Showing posts with label kubernetes. Show all posts
Showing posts with label kubernetes. Show all posts

Saturday

Convert Docker Compose to Kubernetes Orchestration

If you already have a Docker Compose based application. And you may want to orchestrate the containers with Kubernetes.
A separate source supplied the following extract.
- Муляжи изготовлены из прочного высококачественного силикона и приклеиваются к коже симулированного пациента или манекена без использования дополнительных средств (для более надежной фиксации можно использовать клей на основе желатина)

If you are new to Kubernetes then you can search various articles in this blog or Kubernetes website.

Here's a step-by-step plan to migrate your Docker Compose application to Kubernetes:


Step 1: Create Kubernetes Configuration Files

Create a directory for your Kubernetes configuration files (e.g., k8s-config).

Create separate YAML files for each service (e.g., api.yaml, pgsql.yaml, mongodb.yaml, rabbitmq.yaml).
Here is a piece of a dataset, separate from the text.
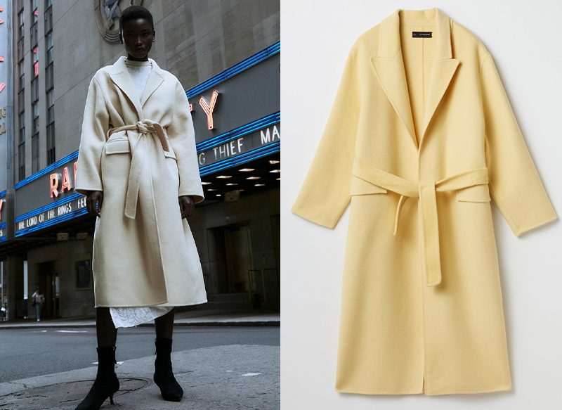 De color amarillo y a la venta por 89,99 euros, estamos ante un abrigo oversize con solapa y lazada a tono, que cuenta además con bolsillos delanteros con solapa. Está confeccionado en una mezcla de lana y otras fibras.

Define Kubernetes resources (Deployments, Services, Persistent Volumes) for each service.


Step 2: Define Kubernetes Resources

Deployment YAML Example (api.yaml)

YAML

apiVersion: apps/v1

kind: Deployment

metadata:

  name: api-deployment

spec:

  replicas: 1

  selector:

    matchLabels:

      app: api

  template:

    metadata:

      labels:

        app: api

    spec:

      containers:

      - name: api

        image: <your-docker-image-name>

        ports:

        - containerPort: 8000

Service YAML Example (api.yaml)

YAML

apiVersion: v1

kind: Service

metadata:

  name: api-service

spec:

  selector:

    app: api

  ports:

  - name: http

    port: 8000

    targetPort: 8000

  type: ClusterIP

Repeat this process for other services (pgsql, mongodb, rabbitmq).


Step 3: Configure Persistent Storage

Create Persistent Volume Claims (PVCs) for databases.

Define StorageClass for dynamic provisioning.

Persistent Volume Claim YAML Example (pgsql-pvc.yaml)

YAML

apiVersion: v1

kind: PersistentVolumeClaim

metadata:

  name: pgsql-pvc

spec:

  accessModes:

    - ReadWriteOnce

  resources:

    requests:

      storage: 5Gi

StorageClass YAML Example (storage-class.yaml)

YAML

apiVersion: storage.k8s.io/v1

kind: StorageClass

metadata:

  name: local-storage

provisioner: kubernetes.io/no-provisioner

volumeBindingMode: WaitForFirstConsumer


Step 4: Deploy to Kubernetes

Create namespace: kubectl create namespace <namespace-name>

Apply configuration files: kubectl apply -f <config-file>.yaml

Verify deployments: kubectl get deployments -n <namespace-name>

Verify pods: kubectl get pods -n <namespace-name>

Verify services: kubectl get svc -n <namespace-name>

Step 5: Expose Services

Create Ingress resources for external access.

Configure Ingress Controller (e.g., NGINX).

Ingress YAML Example (ingress.yaml)

YAML

apiVersion: networking.k8s.io/v1

kind: Ingress

metadata:

  name: api-ingress

spec:

  rules:

  - host: <your-domain>

    http:

      paths:

      - path: /

        backend:

          serviceName: api-service

          servicePort: 8000


Step 6: Monitor and Maintain

Set up monitoring tools (e.g., Prometheus, Grafana).

Implement logging solutions (e.g., Fluentd, Elasticsearch).

Regularly update images and configurations.

Implementation Tools

kubectl: Kubernetes command-line tool.

kustomize: Configuration management tool.

Helm: Package manager for Kubernetes.

Additional Tips

Test locally with Minikube or Kind before deploying to production.

Use environment variables for configuration.

Implement rolling updates for zero-downtime deployments.

This migration plan provides a solid foundation. Adjust configurations according to your specific requirements.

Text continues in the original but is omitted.